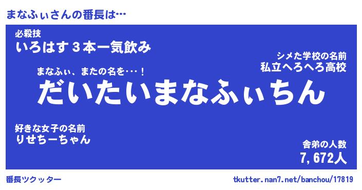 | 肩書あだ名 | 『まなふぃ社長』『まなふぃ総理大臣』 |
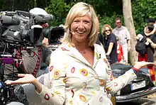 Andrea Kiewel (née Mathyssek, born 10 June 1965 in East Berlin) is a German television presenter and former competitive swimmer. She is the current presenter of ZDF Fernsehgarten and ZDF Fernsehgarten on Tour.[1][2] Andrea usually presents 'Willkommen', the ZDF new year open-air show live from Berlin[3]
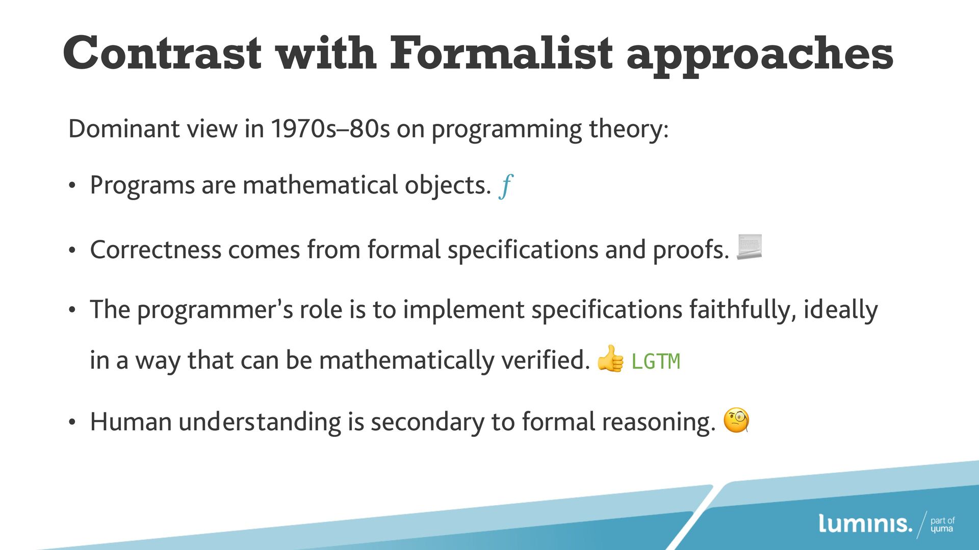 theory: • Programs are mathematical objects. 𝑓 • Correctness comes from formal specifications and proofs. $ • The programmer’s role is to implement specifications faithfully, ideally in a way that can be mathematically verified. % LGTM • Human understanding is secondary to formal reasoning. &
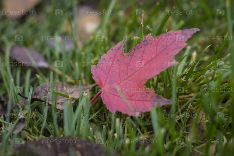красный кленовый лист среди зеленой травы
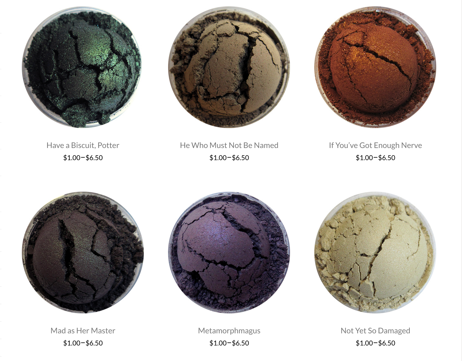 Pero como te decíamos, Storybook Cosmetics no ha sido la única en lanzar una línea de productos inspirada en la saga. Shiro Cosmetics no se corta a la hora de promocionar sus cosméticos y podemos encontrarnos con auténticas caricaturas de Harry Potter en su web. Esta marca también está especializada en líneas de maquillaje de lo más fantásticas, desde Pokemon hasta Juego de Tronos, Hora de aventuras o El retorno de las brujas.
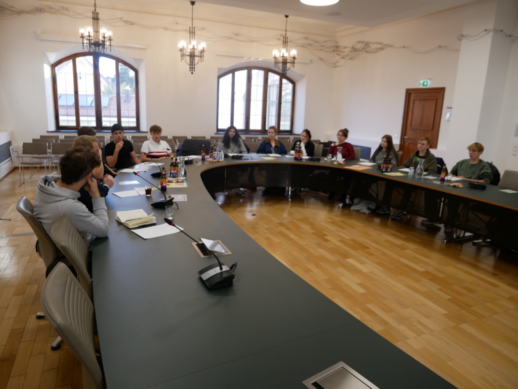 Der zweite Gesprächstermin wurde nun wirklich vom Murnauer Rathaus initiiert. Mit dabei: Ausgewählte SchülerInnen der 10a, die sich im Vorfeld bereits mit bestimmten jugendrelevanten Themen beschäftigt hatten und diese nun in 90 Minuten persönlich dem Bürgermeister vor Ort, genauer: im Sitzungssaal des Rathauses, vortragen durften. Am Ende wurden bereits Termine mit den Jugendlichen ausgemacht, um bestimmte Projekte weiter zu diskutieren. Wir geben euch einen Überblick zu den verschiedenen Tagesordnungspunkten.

^^^^^^^^

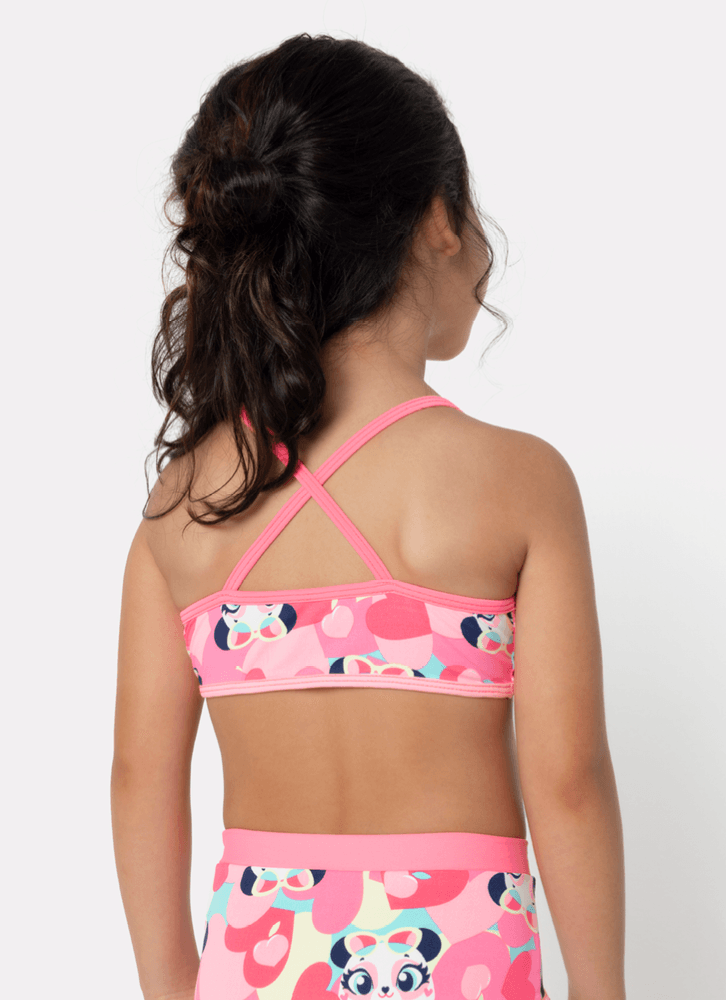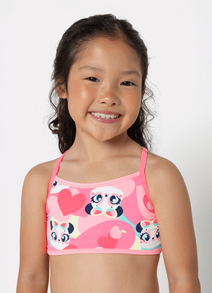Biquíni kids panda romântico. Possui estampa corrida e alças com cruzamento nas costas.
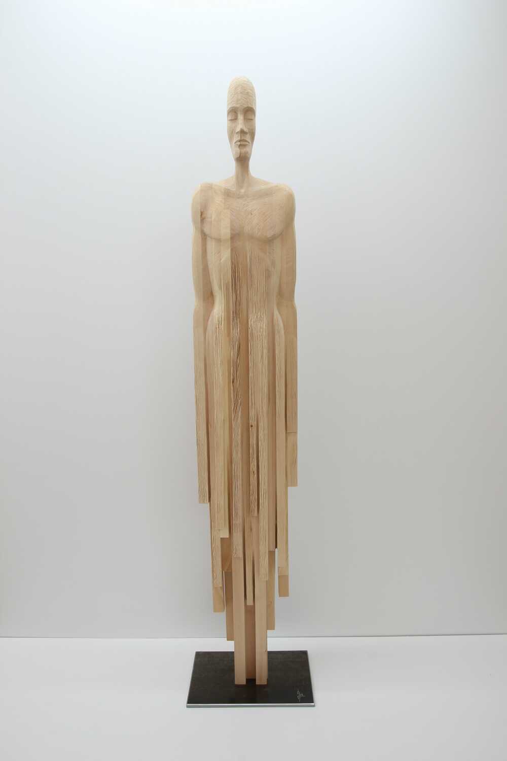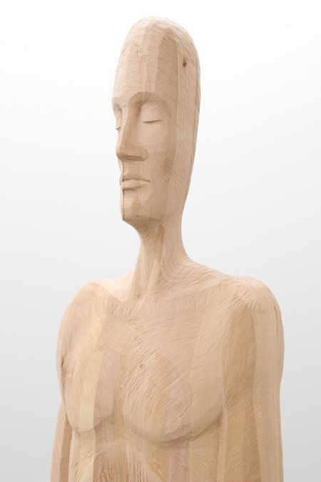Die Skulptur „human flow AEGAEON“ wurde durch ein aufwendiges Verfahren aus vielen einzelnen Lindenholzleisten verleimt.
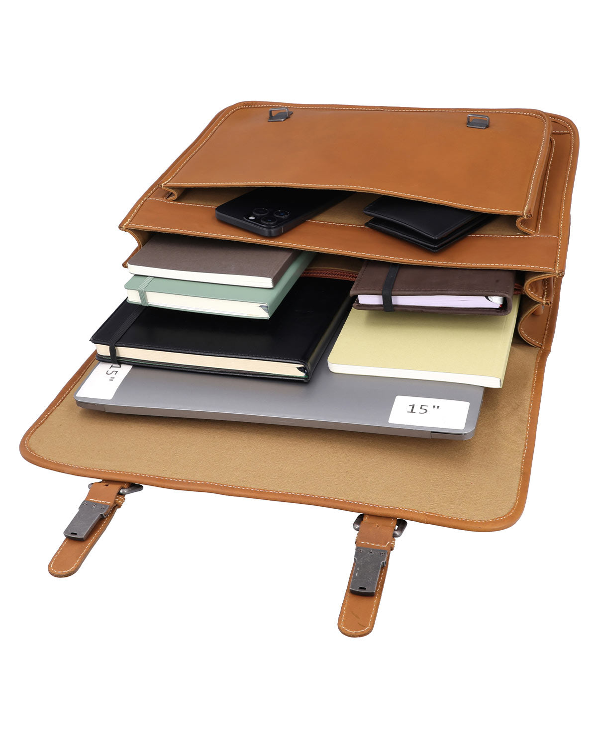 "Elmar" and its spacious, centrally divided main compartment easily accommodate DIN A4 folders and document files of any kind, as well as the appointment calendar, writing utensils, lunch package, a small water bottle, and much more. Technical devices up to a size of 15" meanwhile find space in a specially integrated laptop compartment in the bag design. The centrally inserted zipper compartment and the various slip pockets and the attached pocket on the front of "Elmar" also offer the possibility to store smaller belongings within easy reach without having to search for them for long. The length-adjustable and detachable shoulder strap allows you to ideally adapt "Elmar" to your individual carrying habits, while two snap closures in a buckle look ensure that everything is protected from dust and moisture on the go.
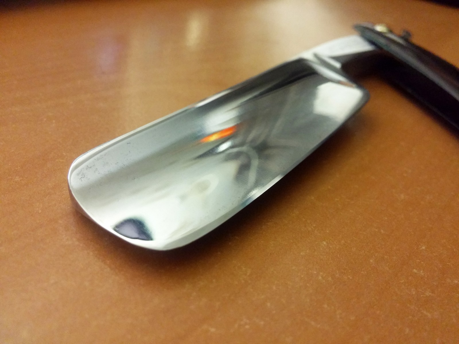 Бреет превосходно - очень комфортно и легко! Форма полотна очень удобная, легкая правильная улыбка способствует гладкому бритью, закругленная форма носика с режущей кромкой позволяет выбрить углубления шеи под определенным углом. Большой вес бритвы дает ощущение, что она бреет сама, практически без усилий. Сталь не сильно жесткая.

^^^^^^^^

Print from the line containing "theory: • Programs" through the line containing "красный кленовый лист среди зеленой травы" in the data above, exactly as the lines stand, and omit every picture.

 theory: • Programs are mathematical objects. 𝑓 • Correctness comes from formal specifications and proofs. $ • The programmer’s role is to implement specifications faithfully, ideally in a way that can be mathematically verified. % LGTM • Human understanding is secondary to formal reasoning. &
красный кленовый лист среди зеленой травы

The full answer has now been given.